I have had my two budgies, Franky and Eleanor, for almost two years now and have been considering buying a baby hand-fed cockatiel from a nearby breeder for quite some time now. The main reason I have been thinking about getting a cockatiel is so that I can have a bird that is more interactive with me (likes to be scritched/pet and hang out on my shoulder). I got my budgies from a chain pet store as a pair so they are much more bonded to each other than they are to me. The only reason I have been hesitating to pick up a cockatiel is because I am worried how it might effect my budgies' happiness or if the budgies may become aggressive to the new bird in their home. Although the budgies are more bonded to each other, they still really enjoy sitting on my finger while eating treats and screaming at me for more treats so I could see jealousy potentially becoming an issue.

I have no plans whatsoever of housing the cockatiel in the same cage as the budgies. I would however hope that they would use the same playstands. The budgies currently have their cage open most of the day (except for 2-4 hours), but they choose to stay in their cage for most of that time. When they do venture out, they only stay on their playstand or they'll fly a quick few laps around the living room and then land right back in their cage. With this in mind, I feel like they would physically stay away from the cockatiel's space, but may be territorial about the cockatiel entering their play area. 

I have read a lot of stories of people introducing a singular budgie to a singular cockatiel, resulting in the budgie being annoying and the cockatiel defensive, but I haven't really heard much of how a pair of budgies would interact with a cockatiel. My biggest fear is that I would have to let them out at different times of the day, which would mean that my budgies don't get the same amount of freedom as they do now. If anyone reading this has two budgies and one cockatiel, I would love to hear what the dynamic is like. Thanks!


----------



## iHeartPieds (Jan 9, 2017)

I have never owned a cockatiel, but I just want you to be aware that just because it is a hand raised cockatiel doesn't guarantee it will enjoy be petted. Just something to think about.


----------



## FaeryBee (May 9, 2011)

*It's good that you are considering the possibilities of the flock dynamics before bringing a cockatiel into your home.

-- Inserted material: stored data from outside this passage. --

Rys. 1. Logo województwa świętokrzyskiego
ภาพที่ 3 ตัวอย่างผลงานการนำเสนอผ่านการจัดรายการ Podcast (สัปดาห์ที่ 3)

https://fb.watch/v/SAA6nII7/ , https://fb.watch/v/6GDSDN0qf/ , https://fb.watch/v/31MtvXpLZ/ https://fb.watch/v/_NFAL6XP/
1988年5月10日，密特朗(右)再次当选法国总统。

You are quite correct in that the budgies may well be territorial about their play areas.
As there are two budgies, they may also feel more confident in their efforts to "harass" the cockatiel when it is out of the cage.

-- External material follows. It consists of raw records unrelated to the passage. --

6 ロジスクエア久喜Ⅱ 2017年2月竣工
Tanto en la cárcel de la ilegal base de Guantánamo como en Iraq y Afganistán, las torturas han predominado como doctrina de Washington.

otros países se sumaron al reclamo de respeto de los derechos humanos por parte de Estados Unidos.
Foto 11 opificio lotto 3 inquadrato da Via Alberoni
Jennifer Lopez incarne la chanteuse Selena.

I do believe you should be fully prepared to recognize that giving the birds out of cage time at separate times or in different rooms may well be the best option.
Budgies harassing a docile cockatiel would be stressful emotionally for the bird.

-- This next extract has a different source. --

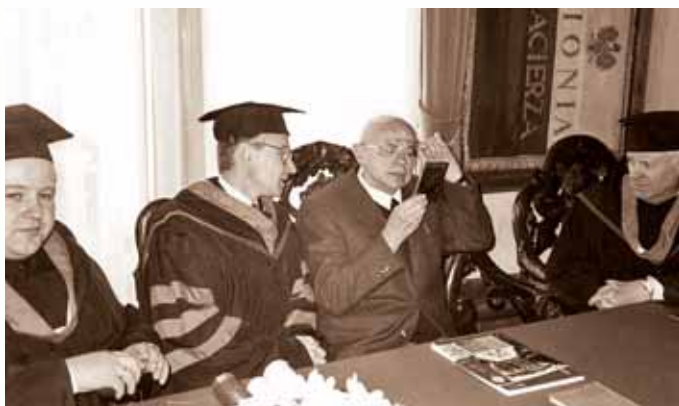
Інавгурація Станіслава Лема як почесного доктора ЛНМУ

I have a lovebird that is very bonded to me.
I also have 9 budgies.

If I bring the lovebird into the same room where the budgies are having their out-of-cage time, the budgies want to bother the lovebird whenever he goes into their various play areas. 
In my case, while lovebirds are more dominant than laid-back docile cockatiels, I still must be super vigilant. I rarely bring him into the room when they are out of the cage, both for their safety as well as his.*


----------



## lbeckman (Jun 26, 2016)

I have two cockatiels and, at the moment, 11 budgies who are either mine or who I am fostering for a rescue. I had one cockatiel (Simon) and several budgies (fosters) before getting the second cockatiel. 

Simon likes having other birds around and made friends with a couple of the budgies before I got a second cockatiel. Now, he sort of regards them as pests, but pests who he likes to boss around. The budgies for the most part ignore him, except for two who will stand their ground and have been known to grab at his tail in retaliation. I do let them out at the same time, but if any of the personalities were even a touch more combative, I wouldn't be able to. 

I would say that there is no knowing what would happen. As another poster said, hand raised is no guarantee of what the cockatiel will want as s/he grows up; there's also no knowing how the budgies and the cockatiel would interact. It could be great, but you would have to be prepared for a wide variety of outcomes, even, "well, this didn't work out well" and re-homing the cockatiel.

On the difference between having a cockatiel and budgies: in my experience, the budgies are perfectly happy to on with their chirpy little existence without me when I'm busy. The cockatiels, on the other hand, are a bit more demanding . Some of them can be quite loud about it. Their poop also makes a much bigger plop and they generate a lot more dander  I do love my cockatiels all the same.


----------